Direct mail – postcards, ‘invitation-style’ mail, brochures, folders, flyers, etc. – is a very effective marketing, advertising and promotion tool which offers great flexibility and tremendous potential for creativity. It also provides the opportunity to talk right to your target audience, even if you’re targeting ‘consumers in general’ and you can deliver your message to people where they live or where they work. As we have already mentioned, direct mail is one of the most effective forms of advertising and promotion, if not the most effective! That effectiveness comes in part from the fact that it’s an ‘active’ marketing outreach, rather than a ‘passive’ outreach which must first wait for the audience to come to the promotion vehicle in general and your ad in particular, such as if you advertise on TV or radio, or in the local newspaper, etc.

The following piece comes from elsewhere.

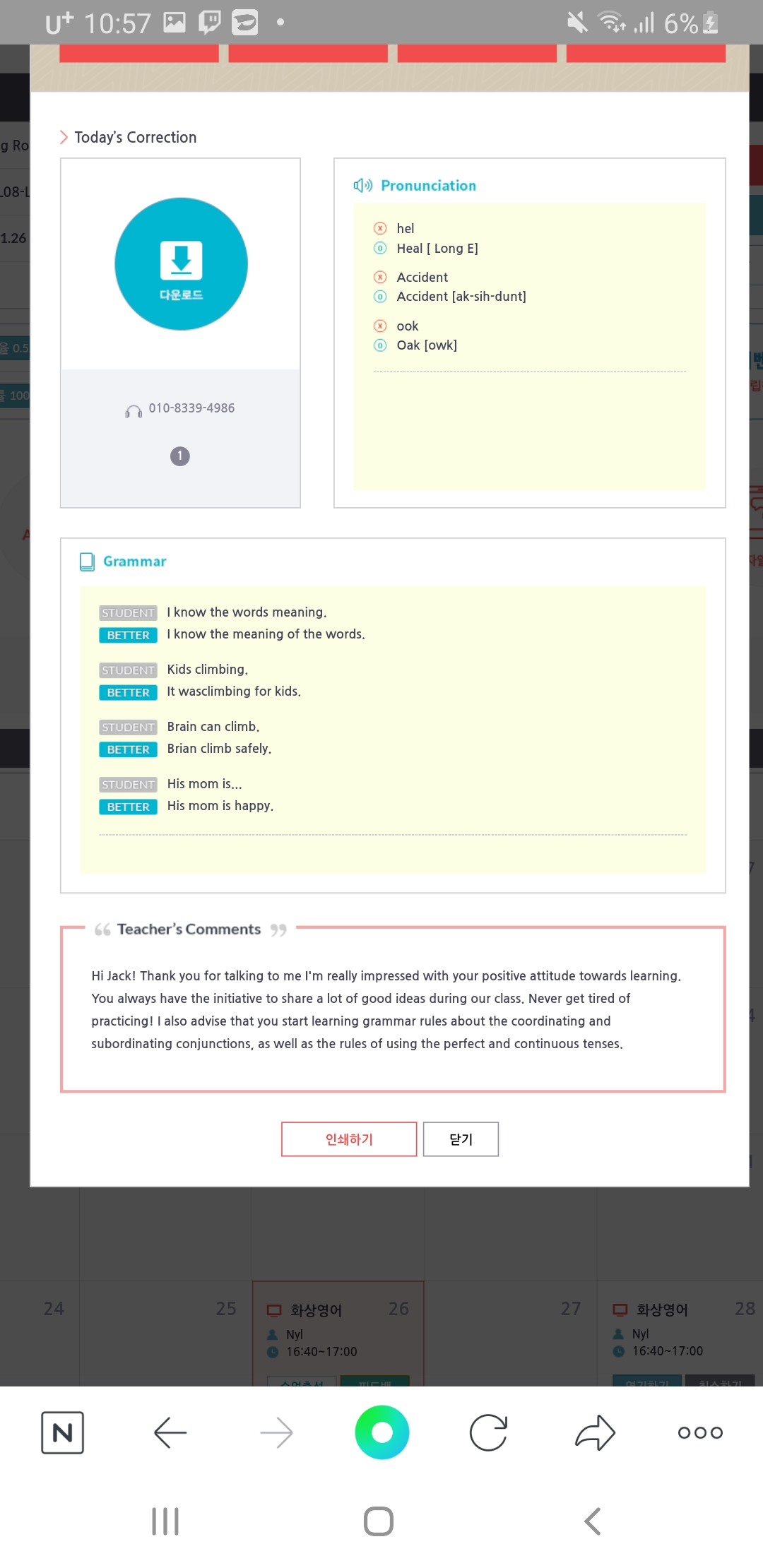 첨에 많이 긴장하고 아직 발음이나 문법,문장을 만드는것등 영어에대한 실력이 모두 완성된건아니지만 선생님의 맞춤설명,피드백,평가표를 보고 복습을하면서 영어가 확실히 부담스러운게 덜 느껴지는것같습니다

Another reason direct mail is so effective is that, in theory at least, your mail will be delivered directly to your prospects – addressee by addressee – even when the promotional piece is sent to “current resident”. We said ‘in theory’ because the truth is, no one can ever really guarantee that your specific prospect will actually retrieve the mail the very day your piece is being delivered, unless the mail piece requires identification and a signature. The added costs for those postal services, on top of the cost of postage alone, would make the mail piece too expensive for most direct mail campaigns.

However, for some “high-ticket” items, such as real estate, car sales, luxury items, etc., the added cost might be justified, and warranted, in order to make a profound impression. That same logic may also be applied if you and your promotion partners decide to send something other than the usual, two-dimensional printed piece. For example, a box with a Halloween object inside, to accompany your Halloween promotion.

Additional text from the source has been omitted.